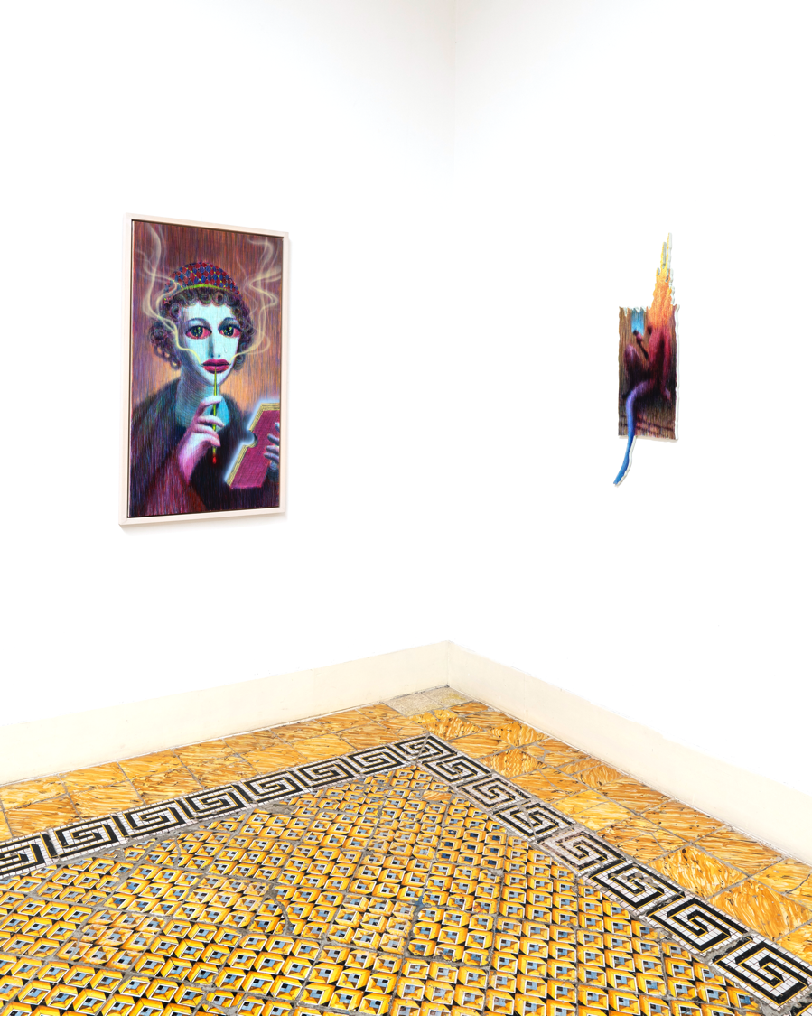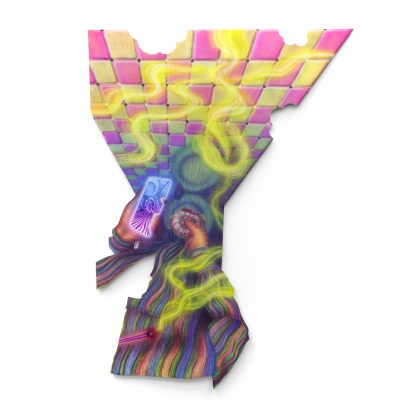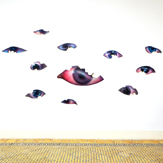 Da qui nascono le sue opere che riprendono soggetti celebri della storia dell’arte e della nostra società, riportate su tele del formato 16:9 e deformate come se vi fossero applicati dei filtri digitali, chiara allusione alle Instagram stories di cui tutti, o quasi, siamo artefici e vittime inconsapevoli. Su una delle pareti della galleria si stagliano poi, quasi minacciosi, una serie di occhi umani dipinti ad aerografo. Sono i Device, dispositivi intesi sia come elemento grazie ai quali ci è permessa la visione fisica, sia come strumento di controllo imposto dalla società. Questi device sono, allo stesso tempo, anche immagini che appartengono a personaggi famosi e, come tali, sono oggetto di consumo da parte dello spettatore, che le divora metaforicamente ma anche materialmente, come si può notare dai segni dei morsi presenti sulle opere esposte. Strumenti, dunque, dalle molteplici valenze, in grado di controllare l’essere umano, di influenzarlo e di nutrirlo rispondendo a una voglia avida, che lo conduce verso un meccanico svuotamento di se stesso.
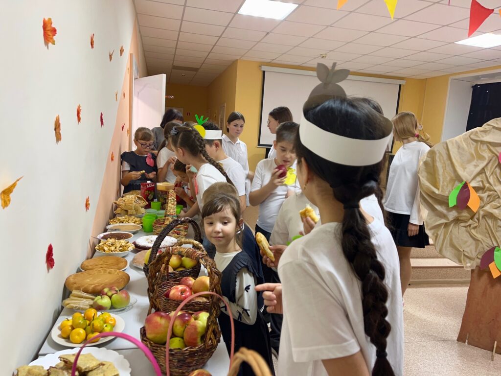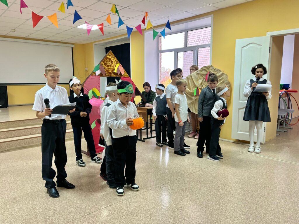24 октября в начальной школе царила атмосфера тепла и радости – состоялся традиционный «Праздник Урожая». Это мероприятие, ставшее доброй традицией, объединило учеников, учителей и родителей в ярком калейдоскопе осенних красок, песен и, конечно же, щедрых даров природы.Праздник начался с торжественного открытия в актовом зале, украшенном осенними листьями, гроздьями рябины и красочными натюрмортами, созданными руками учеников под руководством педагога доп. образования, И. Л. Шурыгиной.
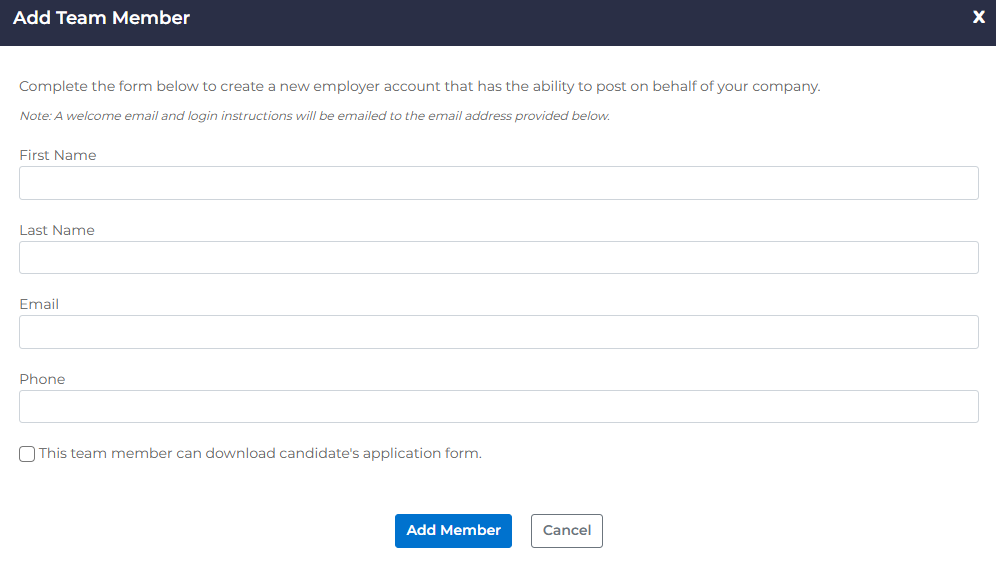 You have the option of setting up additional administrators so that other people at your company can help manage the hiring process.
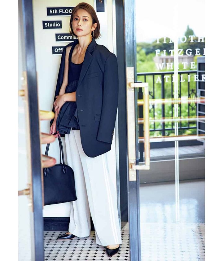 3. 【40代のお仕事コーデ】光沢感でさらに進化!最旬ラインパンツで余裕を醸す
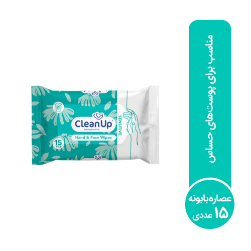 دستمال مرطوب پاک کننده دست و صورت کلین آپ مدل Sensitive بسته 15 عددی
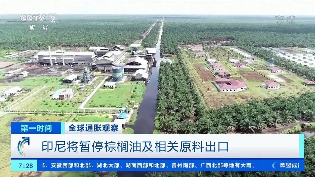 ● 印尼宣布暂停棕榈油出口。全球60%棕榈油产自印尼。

* * *

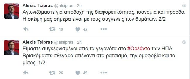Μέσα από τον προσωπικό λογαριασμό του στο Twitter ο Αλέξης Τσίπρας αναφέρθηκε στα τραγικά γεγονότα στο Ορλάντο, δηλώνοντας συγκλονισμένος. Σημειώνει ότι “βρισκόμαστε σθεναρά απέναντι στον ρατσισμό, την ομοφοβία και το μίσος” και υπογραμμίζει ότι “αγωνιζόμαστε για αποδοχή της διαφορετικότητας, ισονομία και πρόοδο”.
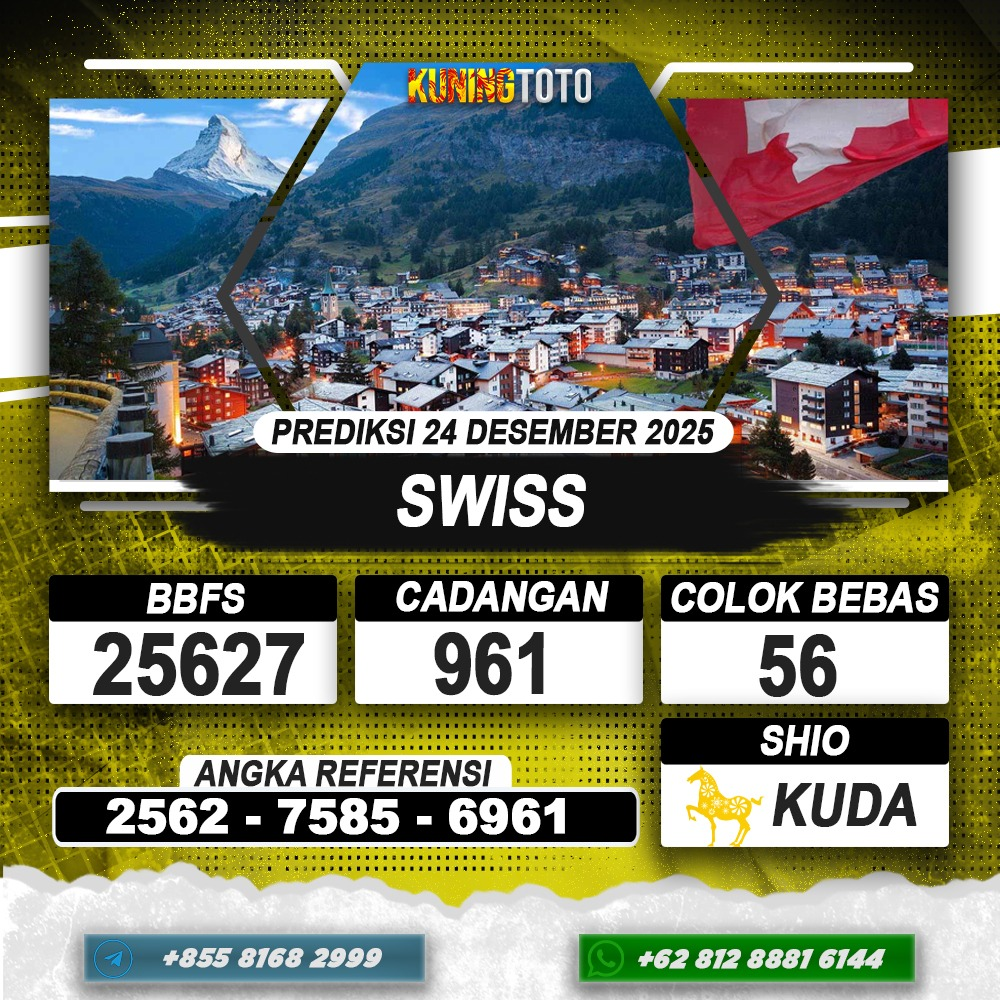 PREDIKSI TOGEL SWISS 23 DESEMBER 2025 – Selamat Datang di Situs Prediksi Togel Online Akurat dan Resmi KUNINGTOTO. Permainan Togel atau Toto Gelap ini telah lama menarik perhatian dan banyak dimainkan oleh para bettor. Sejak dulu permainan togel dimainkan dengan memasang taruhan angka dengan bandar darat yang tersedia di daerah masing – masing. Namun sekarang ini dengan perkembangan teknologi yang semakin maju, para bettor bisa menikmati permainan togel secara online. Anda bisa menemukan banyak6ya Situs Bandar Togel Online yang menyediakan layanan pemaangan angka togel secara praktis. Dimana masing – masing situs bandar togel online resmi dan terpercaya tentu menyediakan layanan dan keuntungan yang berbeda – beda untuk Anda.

--

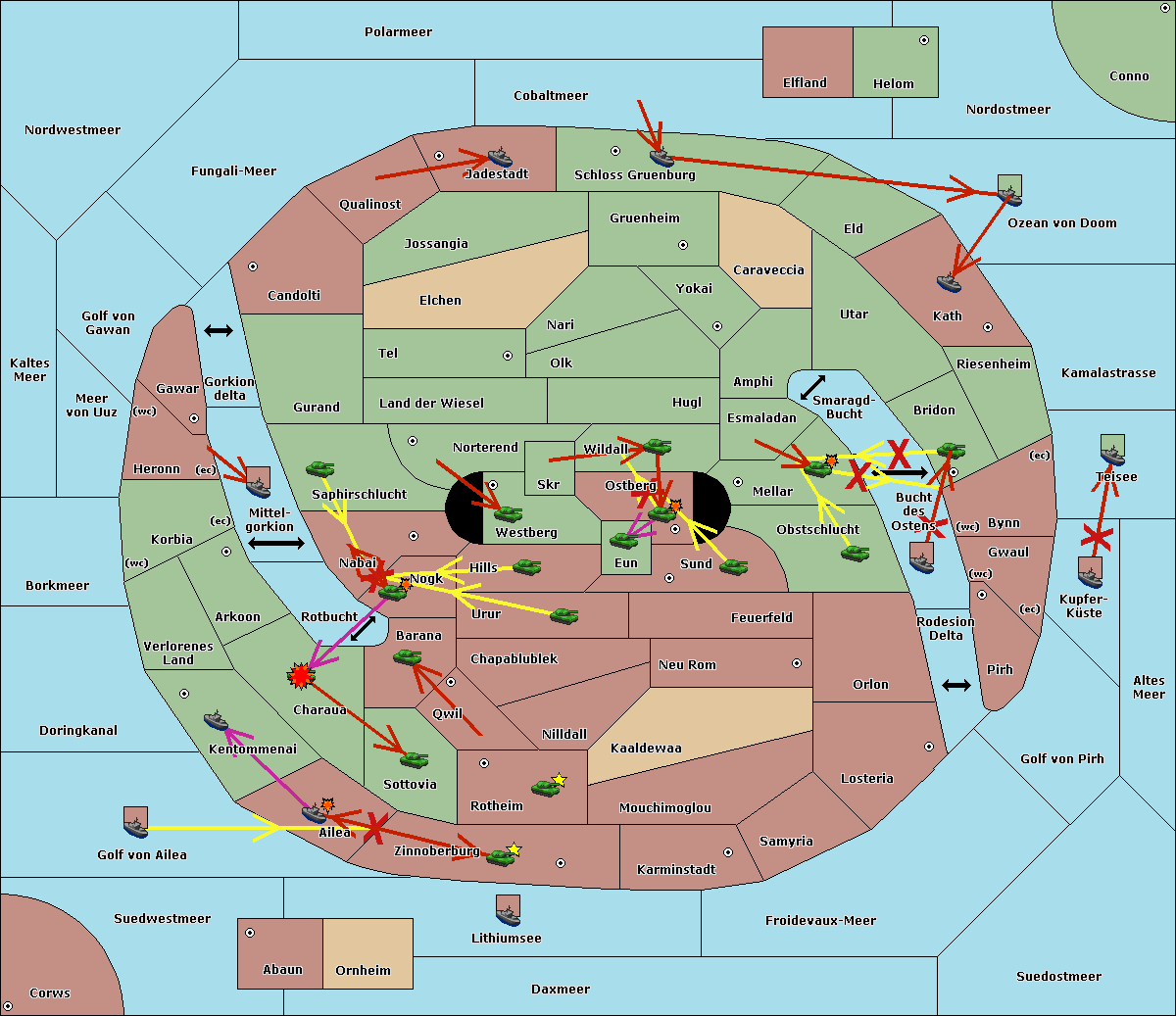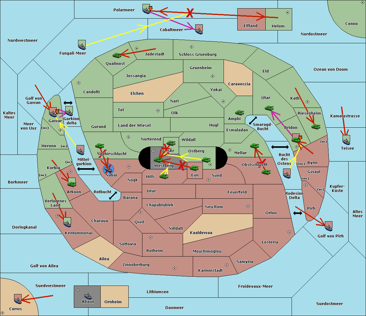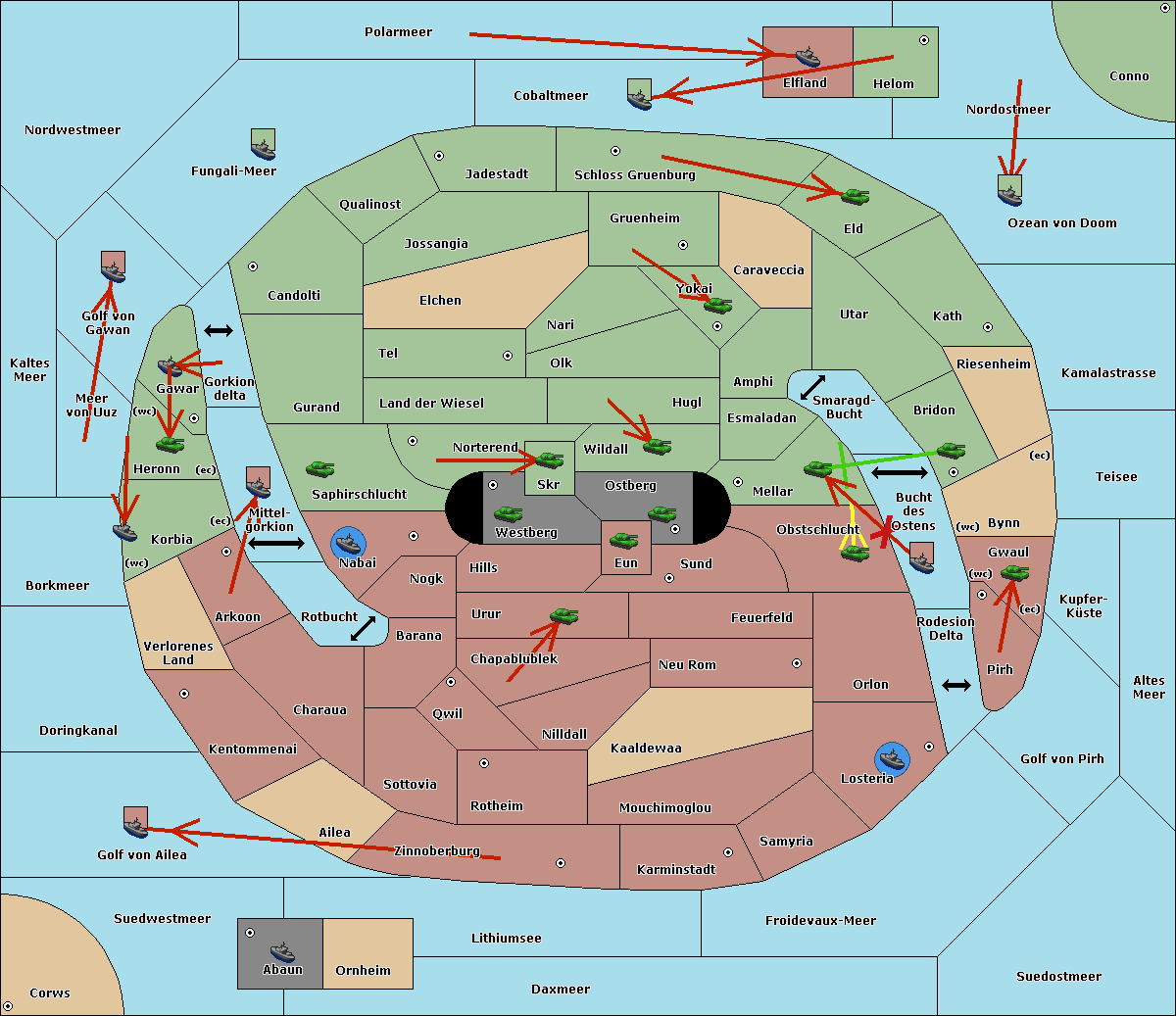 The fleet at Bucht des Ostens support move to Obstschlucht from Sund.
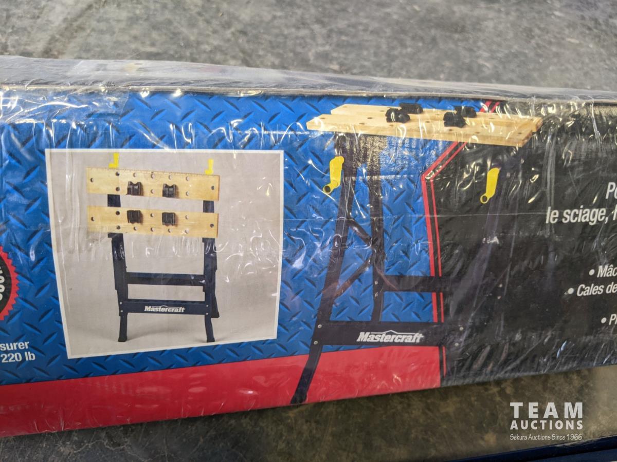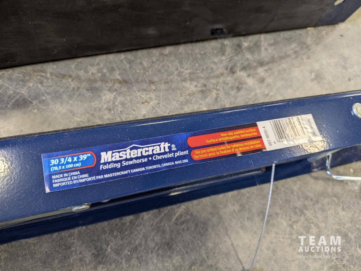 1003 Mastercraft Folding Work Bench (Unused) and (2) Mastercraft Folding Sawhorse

BRIEF:
Would you output only the span of the records above that opens with the line containing "The fleet at" and closes with the line containing "1003 Mastercraft Folding", ends included and pictures dropped?

EXERCISE RESULT:
 The fleet at Bucht des Ostens support move to Obstschlucht from Sund.
 1003 Mastercraft Folding Work Bench (Unused) and (2) Mastercraft Folding Sawhorse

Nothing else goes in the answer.